* [Brief] Your answer must be an exact copy of the listing that follows, with all pictures omitted.

* [Data shown]

^^^^^^^^^^^^^^^^

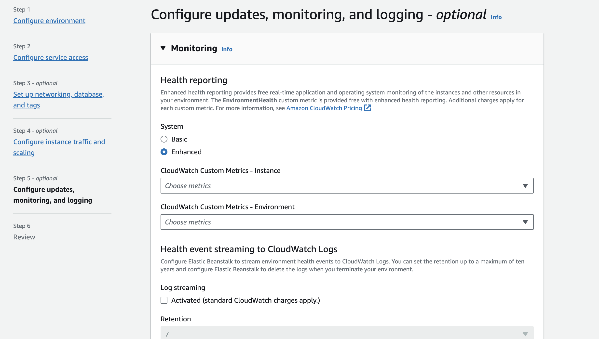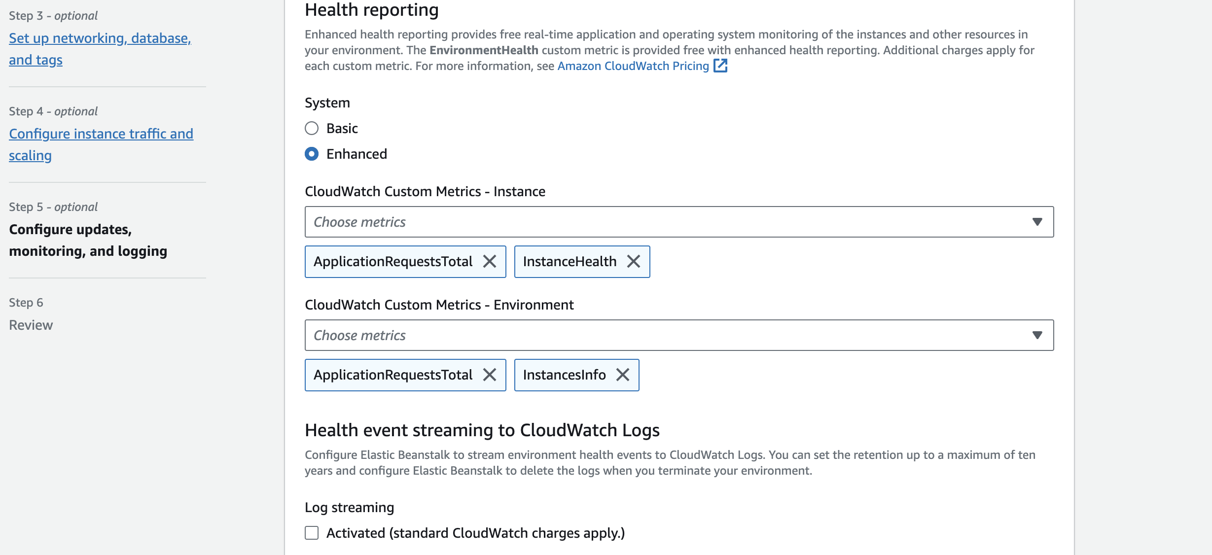 We are going to use default instance configuration move into the final configuration which is configuring monitoring and logging. Elastic Beanstalk attach cloudwatch by default to log different metrics of an environment. It select Enhanced health reporting by default and you can select different kind of metric of an instance to monitor.
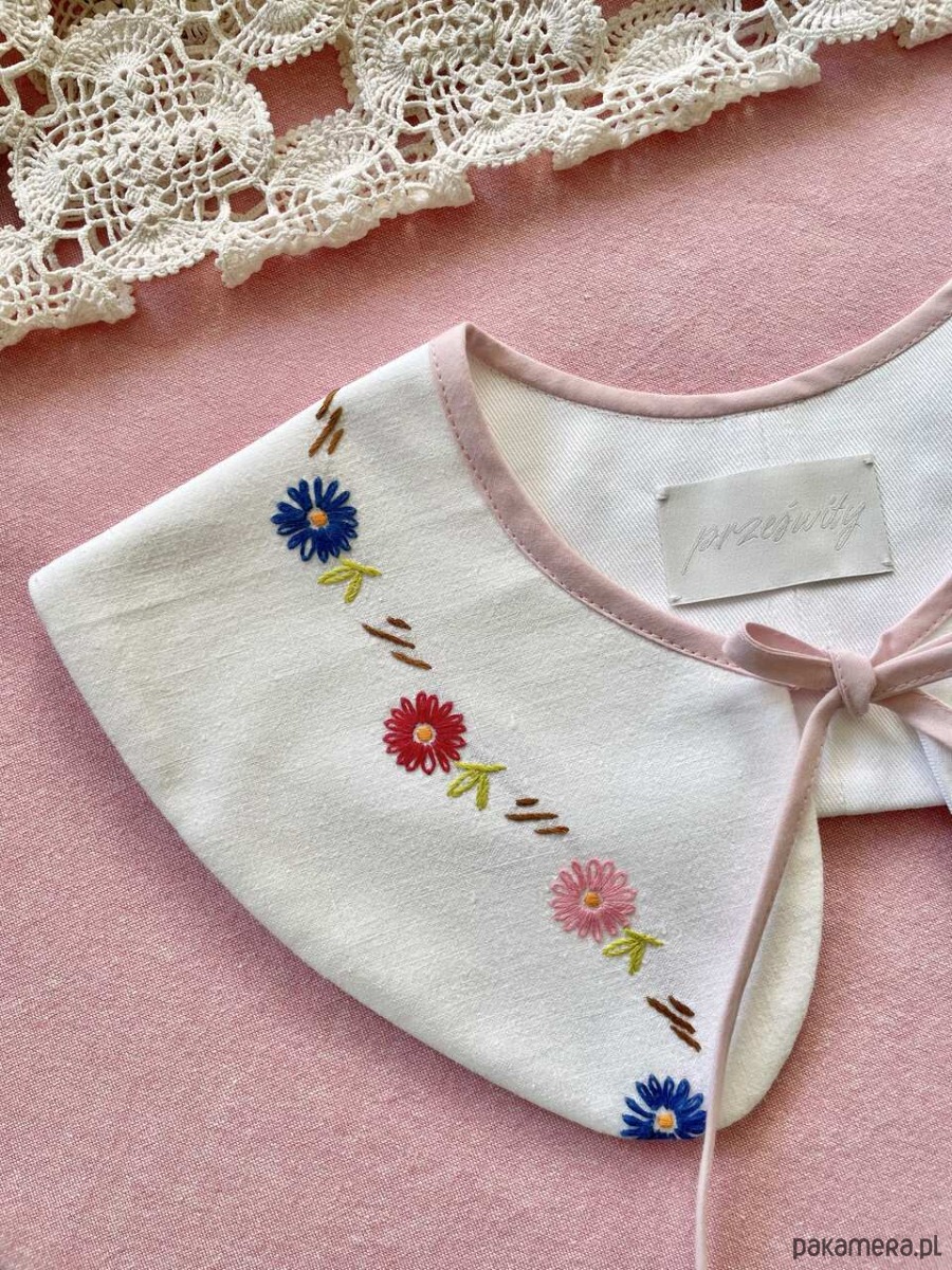 Każdy kołnierzyk powstaje z tkanin z drugiego obiegu, dlatego mogą pojawić się na nich niewielkie ślady użytkowania. Zawsze staramy się je odczarować: haftem, kompozycją, detalem. Prosimy o wyrozumiałość, to naturalna część pracy z materiałami, które już miały swoje życie.
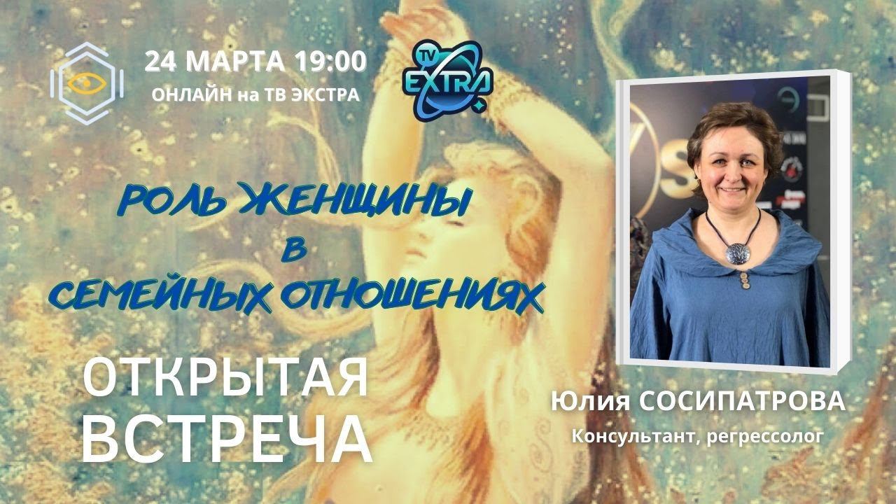 24 марта в 19:00 на You Tube канале ТВ Экстра консультант-регрессолог Юлия СОСИПАТРОВА В Новой встрече мы решили продолжить разговор о Женщине, ее роли, поведении в семье, о ее влиянии на жизнь семьи и всех ее членов. На встрече мы поговорим о том: - Насколько отношения между женой и мужем влияют на их путь, на развитие семьи, на судьбу каждого из них и судьбу их потомков? - Какое место старается занять женщина в семье, и как это влияет на всех членов семьи? - Насколько гармонично отражается поведение женщины на муже и потомках и на общем укладе семьи? - Как женщине справляться со взятыми на себя задачами перед семьей, родом и как при этом сохранить себя? И как определить, те ли задачи она выбрала, не опираясь на стереотипы и родовые программы? - Насколько распространено влияние женщины на семейную карму? Вопросы можно задавать в прямом эфире, а так же заранее присылать на e‑mail: info@probujdenie.ru _____________________ Подробнее о специалисте и консультациях на персональной странице Юлии СОСИПАТРОВОЙ https://probujdenie.ru/persony/julia_sosipatrova/ Мастер-класс с Юлий Сосипатровой в рамках конференции НЕПОЗНАННОЕ "Практическая медитация по работе с препятствиями в жизни" https://probujdenie.ru/master-klassy-konferencii-nepoznannoe-v-zapisi/ ______________________ https://probujdenie.ru/qhht/dolores_cannon_qhht/ - официальное сертифицированное обучение методу Долорес Кэннон QHHT от Академии Долорес ____________ https://www.facebook.com/groups/tvextra/ - группа телеканала в Фейсбук https://t.me/nepoznannoe_online - Группа ТВ Экстра в Телеграм

^^^^^^^^^^^^^^^^

* [Response to the task]
 We are going to use default instance configuration move into the final configuration which is configuring monitoring and logging. Elastic Beanstalk attach cloudwatch by default to log different metrics of an environment. It select Enhanced health reporting by default and you can select different kind of metric of an instance to monitor.
 Każdy kołnierzyk powstaje z tkanin z drugiego obiegu, dlatego mogą pojawić się na nich niewielkie ślady użytkowania. Zawsze staramy się je odczarować: haftem, kompozycją, detalem. Prosimy o wyrozumiałość, to naturalna część pracy z materiałami, które już miały swoje życie.
 24 марта в 19:00 на You Tube канале ТВ Экстра консультант-регрессолог Юлия СОСИПАТРОВА В Новой встрече мы решили продолжить разговор о Женщине, ее роли, поведении в семье, о ее влиянии на жизнь семьи и всех ее членов. На встрече мы поговорим о том: - Насколько отношения между женой и мужем влияют на их путь, на развитие семьи, на судьбу каждого из них и судьбу их потомков? - Какое место старается занять женщина в семье, и как это влияет на всех членов семьи? - Насколько гармонично отражается поведение женщины на муже и потомках и на общем укладе семьи? - Как женщине справляться со взятыми на себя задачами перед семьей, родом и как при этом сохранить себя? И как определить, те ли задачи она выбрала, не опираясь на стереотипы и родовые программы? - Насколько распространено влияние женщины на семейную карму? Вопросы можно задавать в прямом эфире, а так же заранее присылать на e‑mail: info@probujdenie.ru _____________________ Подробнее о специалисте и консультациях на персональной странице Юлии СОСИПАТРОВОЙ https://probujdenie.ru/persony/julia_sosipatrova/ Мастер-класс с Юлий Сосипатровой в рамках конференции НЕПОЗНАННОЕ "Практическая медитация по работе с препятствиями в жизни" https://probujdenie.ru/master-klassy-konferencii-nepoznannoe-v-zapisi/ ______________________ https://probujdenie.ru/qhht/dolores_cannon_qhht/ - официальное сертифицированное обучение методу Долорес Кэннон QHHT от Академии Долорес ____________ https://www.facebook.com/groups/tvextra/ - группа телеканала в Фейсбук https://t.me/nepoznannoe_online - Группа ТВ Экстра в Телеграм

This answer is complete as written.